Task objective
Transcribe exactly the lines below that begin at the line with "સરકારી મહિલા પોલિટેકનિક કોલેજ, અમદાવાદ" and stop after the line with "Территория, в отношении", leaving out every picture.
START Data extracts
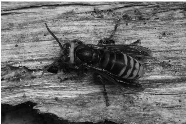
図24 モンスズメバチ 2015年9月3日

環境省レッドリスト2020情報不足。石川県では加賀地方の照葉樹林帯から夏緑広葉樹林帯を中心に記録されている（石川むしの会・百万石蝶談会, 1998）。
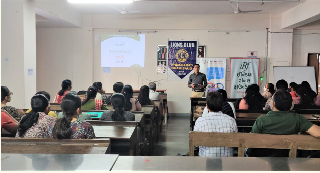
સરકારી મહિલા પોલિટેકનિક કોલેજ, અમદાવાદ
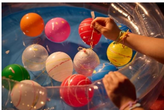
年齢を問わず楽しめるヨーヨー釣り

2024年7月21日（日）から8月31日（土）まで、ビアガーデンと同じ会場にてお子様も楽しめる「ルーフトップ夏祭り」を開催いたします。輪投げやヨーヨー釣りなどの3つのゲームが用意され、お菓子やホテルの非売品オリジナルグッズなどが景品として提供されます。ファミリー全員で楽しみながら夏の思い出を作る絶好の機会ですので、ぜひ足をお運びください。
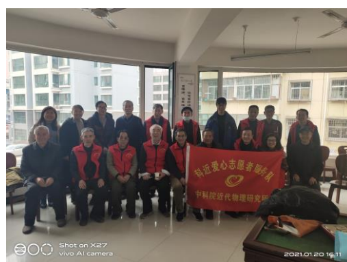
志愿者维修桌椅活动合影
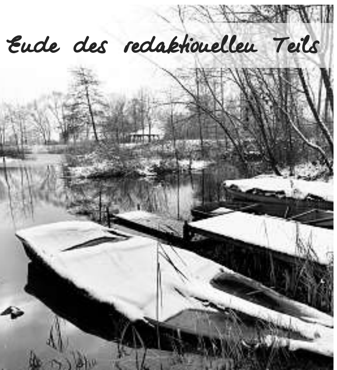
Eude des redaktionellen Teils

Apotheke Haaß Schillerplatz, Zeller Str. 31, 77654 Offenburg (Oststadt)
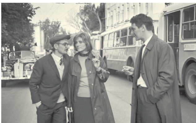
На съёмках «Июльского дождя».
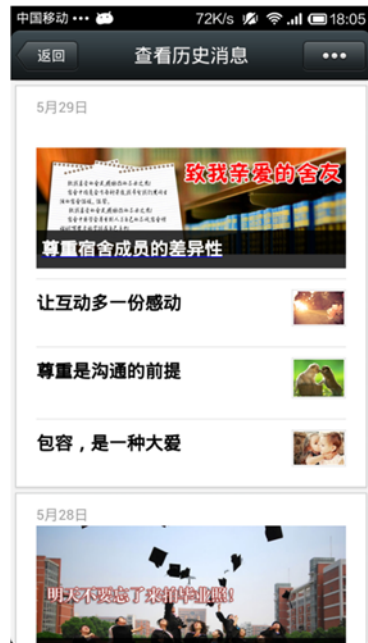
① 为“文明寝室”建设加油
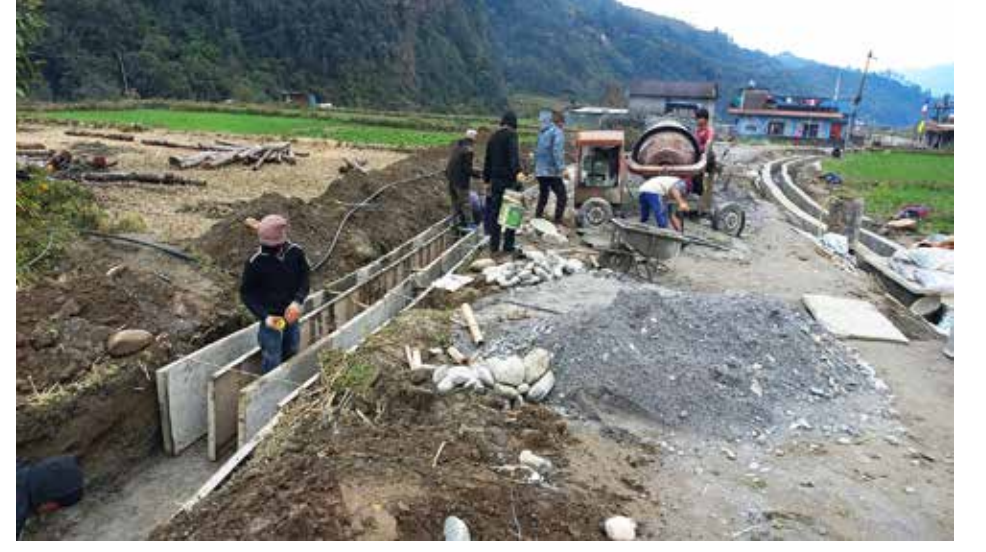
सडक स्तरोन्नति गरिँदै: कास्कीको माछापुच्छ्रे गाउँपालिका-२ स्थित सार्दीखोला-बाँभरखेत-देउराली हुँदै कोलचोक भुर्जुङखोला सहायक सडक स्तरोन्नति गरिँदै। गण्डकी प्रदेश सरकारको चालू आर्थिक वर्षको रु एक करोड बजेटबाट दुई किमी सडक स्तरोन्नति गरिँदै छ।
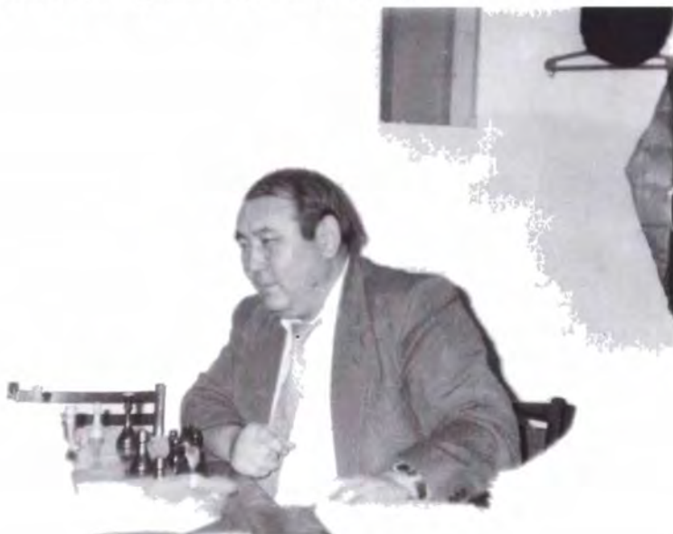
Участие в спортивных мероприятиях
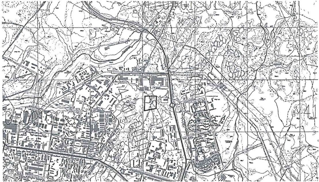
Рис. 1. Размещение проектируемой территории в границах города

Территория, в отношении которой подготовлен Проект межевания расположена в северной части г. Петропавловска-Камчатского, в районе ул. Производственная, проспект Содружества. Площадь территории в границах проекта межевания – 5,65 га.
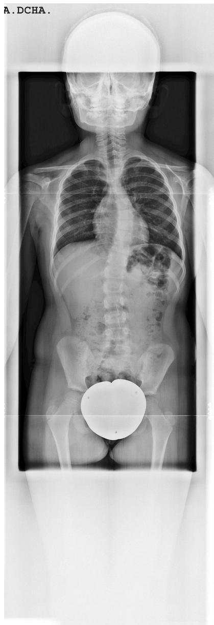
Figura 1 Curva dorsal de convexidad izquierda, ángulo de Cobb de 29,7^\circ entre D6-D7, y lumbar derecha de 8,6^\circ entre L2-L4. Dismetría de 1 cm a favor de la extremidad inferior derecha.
END Data extracts
Exercise answer
સરકારી મહિલા પોલિટેકનિક કોલેજ, અમદાવાદ
年齢を問わず楽しめるヨーヨー釣り

2024年7月21日（日）から8月31日（土）まで、ビアガーデンと同じ会場にてお子様も楽しめる「ルーフトップ夏祭り」を開催いたします。輪投げやヨーヨー釣りなどの3つのゲームが用意され、お菓子やホテルの非売品オリジナルグッズなどが景品として提供されます。ファミリー全員で楽しみながら夏の思い出を作る絶好の機会ですので、ぜひ足をお運びください。
志愿者维修桌椅活动合影
Eude des redaktionellen Teils

Apotheke Haaß Schillerplatz, Zeller Str. 31, 77654 Offenburg (Oststadt)
На съёмках «Июльского дождя».
① 为“文明寝室”建设加油
सडक स्तरोन्नति गरिँदै: कास्कीको माछापुच्छ्रे गाउँपालिका-२ स्थित सार्दीखोला-बाँभरखेत-देउराली हुँदै कोलचोक भुर्जुङखोला सहायक सडक स्तरोन्नति गरिँदै। गण्डकी प्रदेश सरकारको चालू आर्थिक वर्षको रु एक करोड बजेटबाट दुई किमी सडक स्तरोन्नति गरिँदै छ।
Участие в спортивных мероприятиях
Рис. 1. Размещение проектируемой территории в границах города

Территория, в отношении которой подготовлен Проект межевания расположена в северной части г. Петропавловска-Камчатского, в районе ул. Производственная, проспект Содружества. Площадь территории в границах проекта межевания – 5,65 га.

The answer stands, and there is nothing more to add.